More generally/secularly speaking, there are also people who might see technology, diveristy, and civil rights as evil institutions. The white power movement would obviously see the "progressive" implementation of integration as a terrible, even immoral thing.

That leads into the next issue which involves the reverse injustice, so to speak. One friend in response to my shady post commented, "the opposite is true...sometimes." I would completely agree. Often times, those who support more "progressive" approaches feel more enlightened or more justified in their convictions opposed to others that choose to remain grounded in traditional thininking. The truth is that if both sides don't hear each other out with spirits of love and understanding, the outcome can be nasty. So, what if somebody likes to sing out of the hymnal whereas another person prefers to sing along to a projector or television screen? That's a matter of preference, not a matter of immorality.

And the issue gets more complicated. What about non-believers that see Christians' adherence to a 1st century text as close-minded?

Anyway. I think this is getting way more complicated than I intended.

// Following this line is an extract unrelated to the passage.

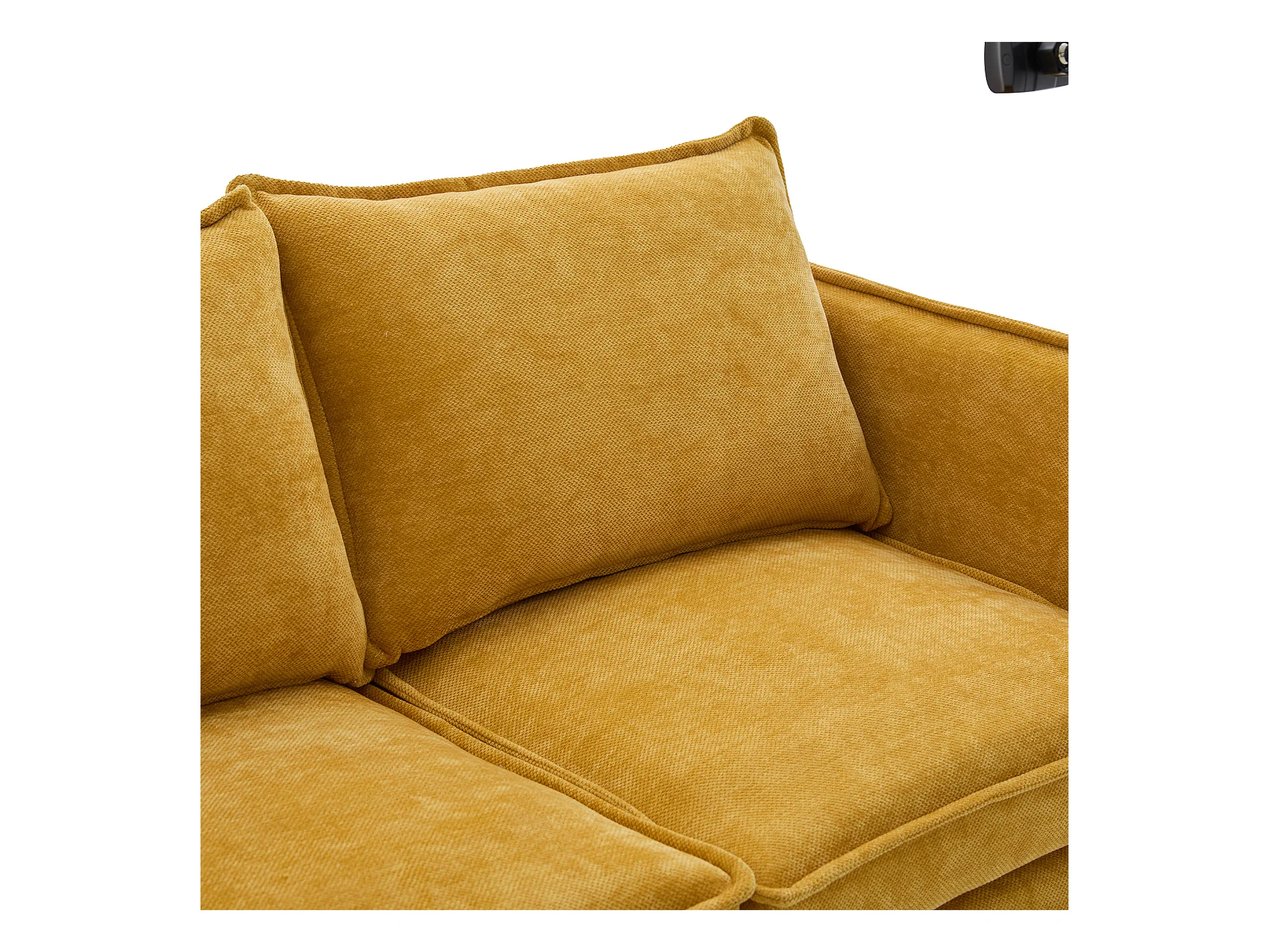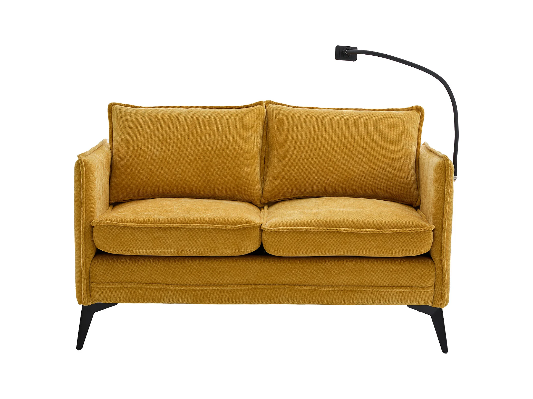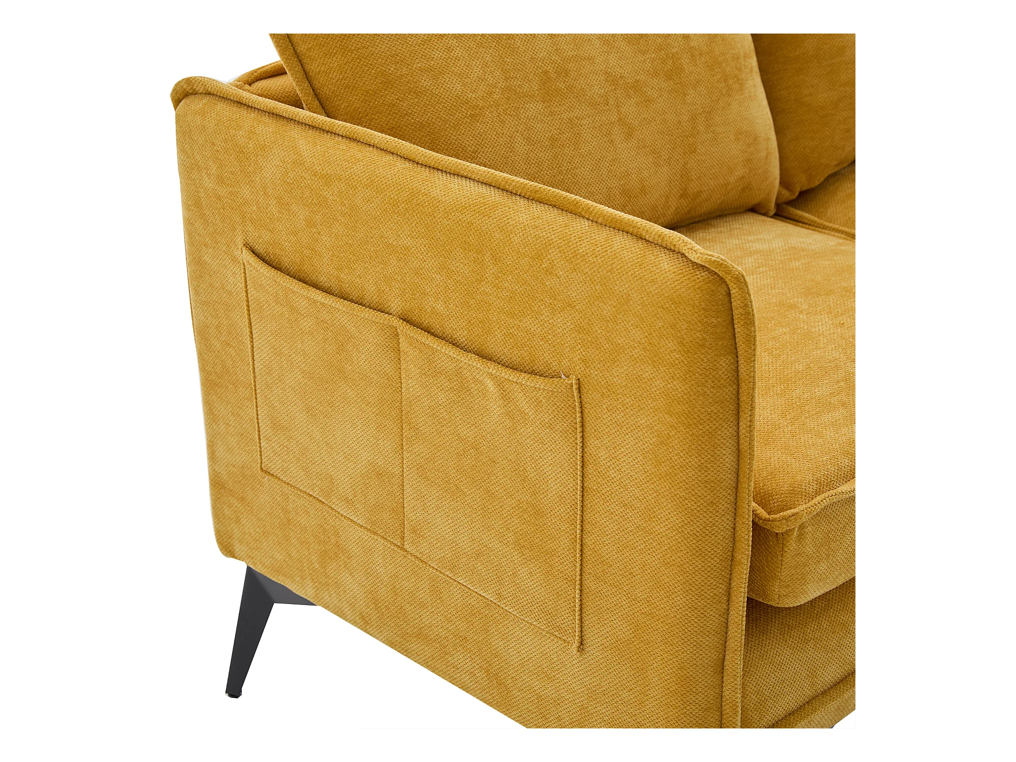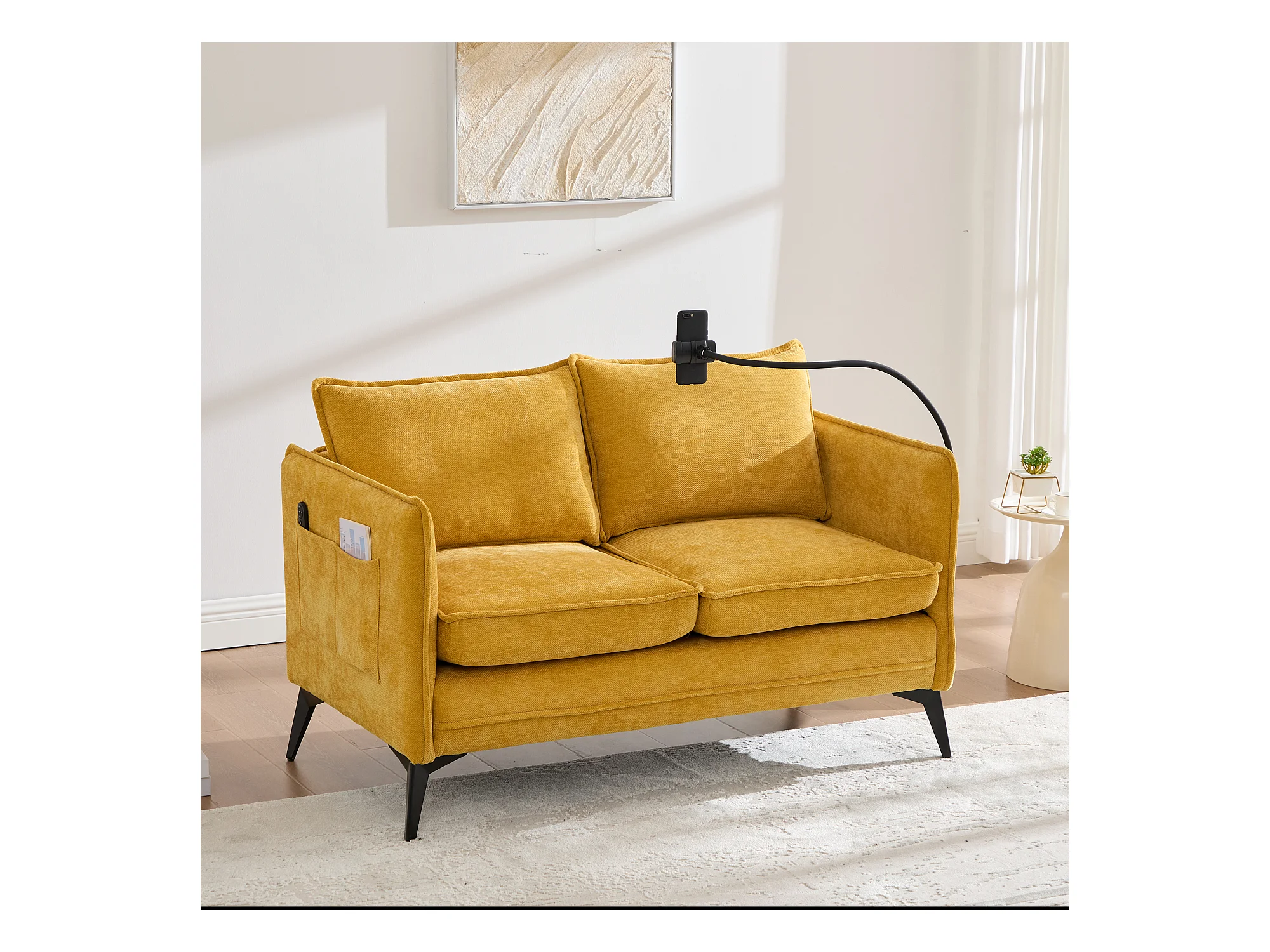 Canapé 2 places jaune - Canapé avec poches latérales de rangement et support pour téléphone - pour salon et chambre

That being said, if I were to rephrase my previously confusing statement, I would say that progressiveness, in as much as it remains loyal to Scripture, is usally a good thing, but if someone is less inclined to certain progressive activities, he or she is not necessarily evil.



Please, anyone feel free to call me out on inconsistencies in what I just wrote or things that don't make sense.

That's why we write, I guess...to process all this stuff. And who knew the topic of "progressiveness" could be such a muddy issue?

Saturday, August 22, 2009

Oh, and two good words:

reservoir
transparent

Stranger

Dear Blog,

I've neglected you-->insert shame here.

I'm intimidated by your blank screen, the incessant cursor, and the possibility that you might misinterpret what I'm saying. And blog, my friend, I like you, but you're not good at keeping secrets. Somehow the information I share winds up in the weirdest places...like the world wide web. It's the oddest thing. But, alas, here I am spilling my thoughts to you because it's 2:00 am, and I can't sleep.


Alright enough of that nonsense.

Over the Rhine played at the 930 tonight. Incredible. Karin Berquist's voice leaves me wilting and drying on the lonely lines of my past. I like it. When it comes to music, I'm a masochist. The worse it makes me feel, the better. That sounds dreadfully emo.

Songs I like lately:


"Hazy"--Rosi Goslan and William Fitzsimmons
"Two"--Ryan Adams
"Stillness is the Move"--The Dirty Projectors
"L.E.S. Artistes"--Santigold
"Lost Watch"--Seabear
"Vito's Ordination Song"--Sufjan Stevens
"I and Love and You"--The Avett Brothers

Saturday, August 8, 2009

I promised.

I served Communion at Sojourn last Sunday. I'm not actually supposed to do that until I'm a member, but a desperate situation opened the door for a wonderful personal experience. I wrote this lengthy draft about my emotions and how enlightening the event was for me, but for some reason the words or my lack of eloquence robbed the occasion of its wonder. This was really the only line of merit from my original attempt:

"I just kept repeating those words, "The body of Christ broken for you...the body of Christ broken for you..." and it didn't get old once and every face was beautiful."



I lost or someone stole my digital camera. Big bummer. I'll have to bring out the old Canon Rebel which probably isn't a bad thing. I'll be forced to think more about the pictures I'm taking so that I don't waste the film.

Sunday, August 2, 2009

I think I had one of the most beautiful experiences of my life today. I can't wait to write about all the details, but my brain is spent. More, later. I promise.